I've been on a "blogging break" as I've dealt with
hard to write about slices of life. However, this week, I've had TWO "slices with soothsayers" that left me with goosebumps as well as this "uncanny" need to write
Not long before the "fireworks" began, she looked me as if she had known me for a long, long time and started, "
Honey, it's gonna be OK. I promise you, if you believe in your whole heart, if you let your anger and hurt go, if you just put your whole trust in the Almighty, it will be just fine. You will see the majesty of the mountains, the power of the sunrise and wrap your days in glorious sunsets." To be honest, there was a part of me that felt like laughing out loud as this person I did not know and had never talked to before seemed to "see" into my heart; but, for some reason I just let her continue. "
You have to look ahead," she continued, "
and not back into the past. In the past there is sadness but your future is brighter than you can ever imagine." Throwing her hands to the heavens, she added , "
I have plans for you, he says, plans for glorious days ahead!"
I nodded and thanked her for her "predictions" as I said my "

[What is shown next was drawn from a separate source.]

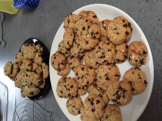 Une idée m'est venue : des cookies au chocolat et sucre d'orge Ne pouvant mettre qu'une photo je vous mets le résultat J'ai diminué le poids de sucre du poids du sucre d'orge sur ma recette habituelle
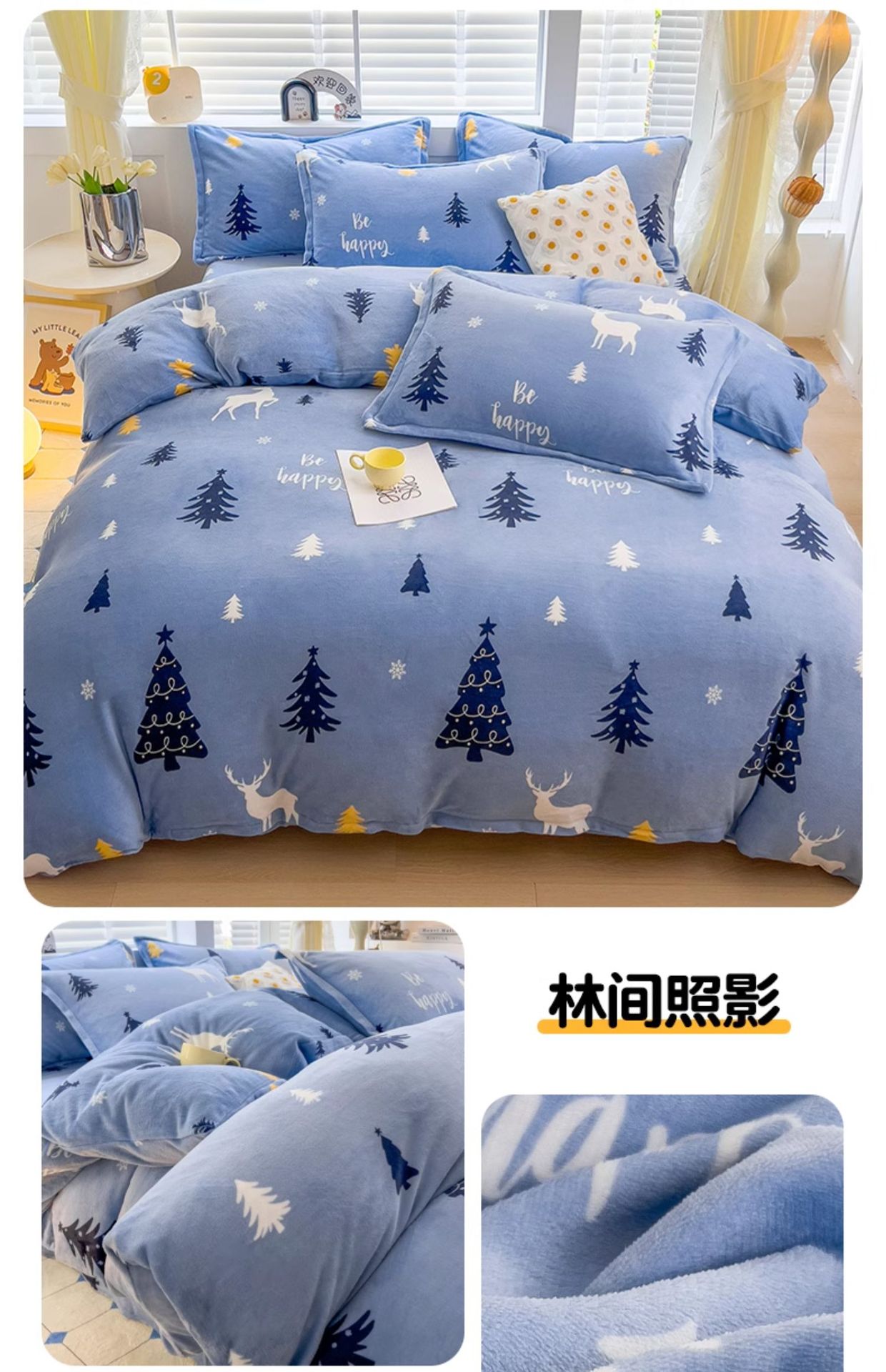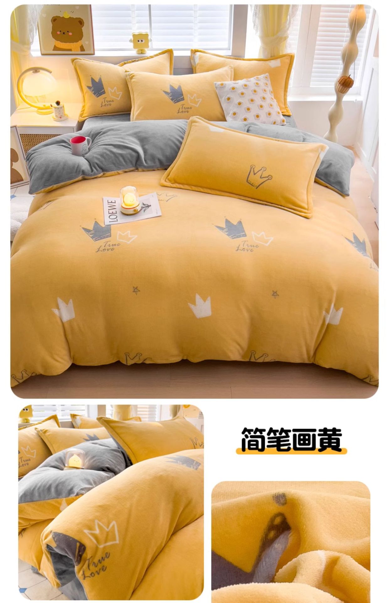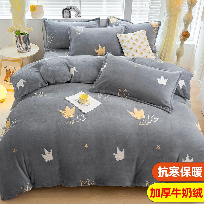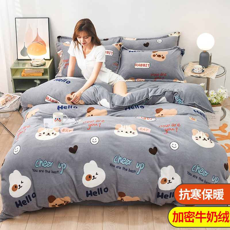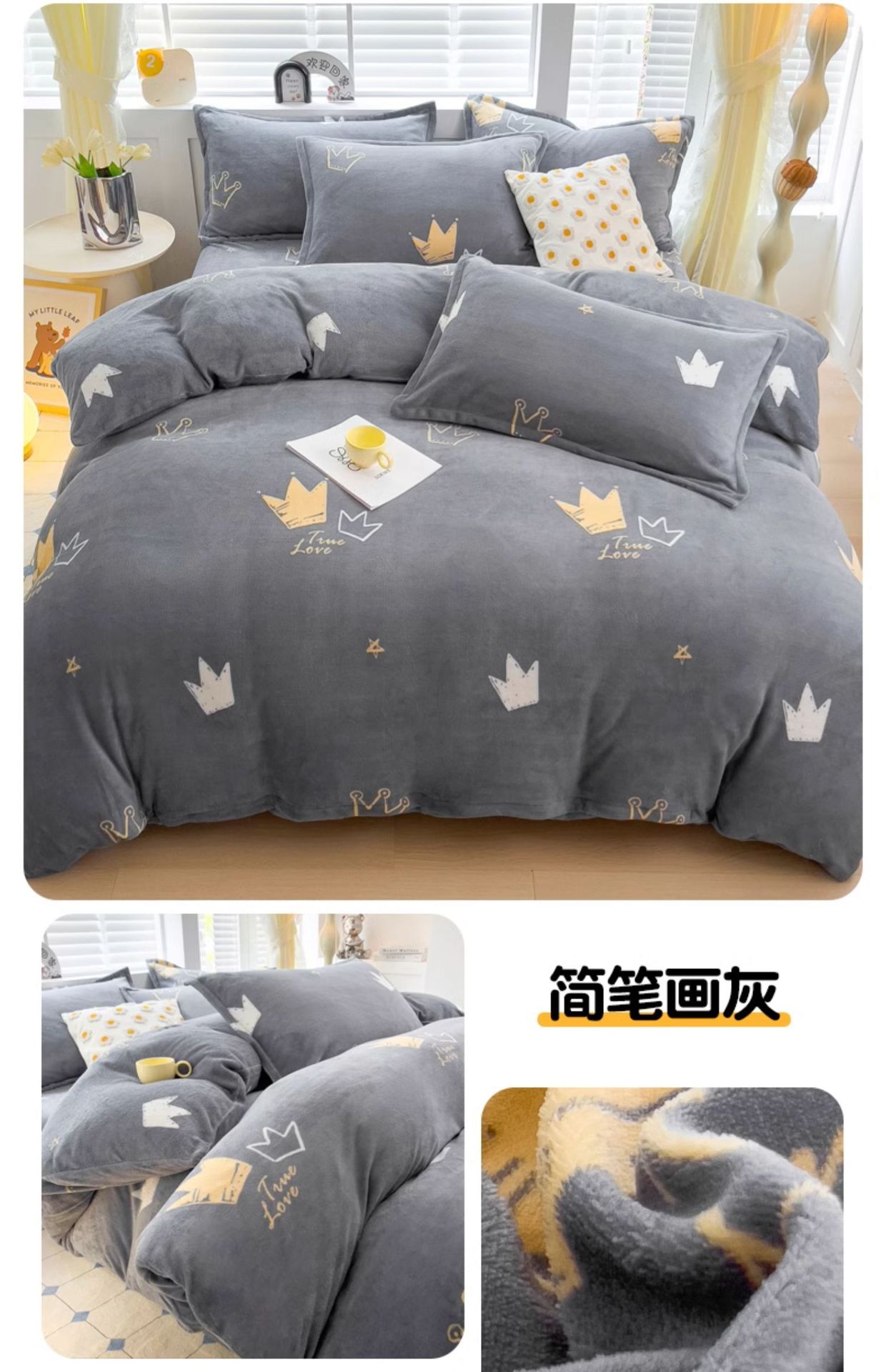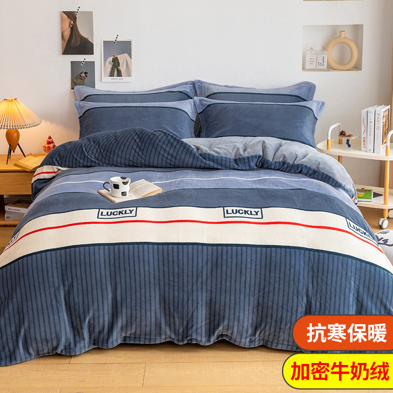 겨울 우유 벨벳 이불 커버 싱글 기모 두꺼운 산호 벨벳 150x200x230 싱글 및 더블 퀼트 커버 4 피스 세트

Good-bye" and moved away.wondering if I had imagined that interaction or if it was real. To be quite honest, things did NOT suddenly turn around and my life did NOT suddenly become a "bed-of-roses," but for some strange reason, I get "goosebumps" as her words resonated in my head.
Then, not too many days later, as we "shared an elevator" at "self-storage" house, another soothsayer looked over to my loaded cart and questioned me, "
Moving?" I nodded in response to her query and she continued. "
I have to be out this week and it's the hottest week in a long time. I have a lot of books, like you. I was a teacher, an English teacher." I stared down at my cart of boxes marked clearly, "
BOOKS." but I said nothing, somehow I didn't need to say anything and she continued. "
We may be tiny, but we are mighty and fierce," she continued, "
Shakespeare was talking about us!" And with a click of her heels, I think I saw, she was out of the elevator on her floor and I never saw her again. In spite of the stifling heat, I had goose-bumps all over as I unloaded my cart.
Now, the truth is I have never had my "future-formally-predicted" by a paid-crystal-ball-toting fortune teller; however, this week, soothsayers seem to be finding ME in strange places and compelling me to
slice about THEM! So, because I do hope the future is as bright as SS#1 predicted and because I do hope I am as mighty as SS#2 seemed to believe from a chance encounter in an elevator, I'm slicing up their stories this summer morning!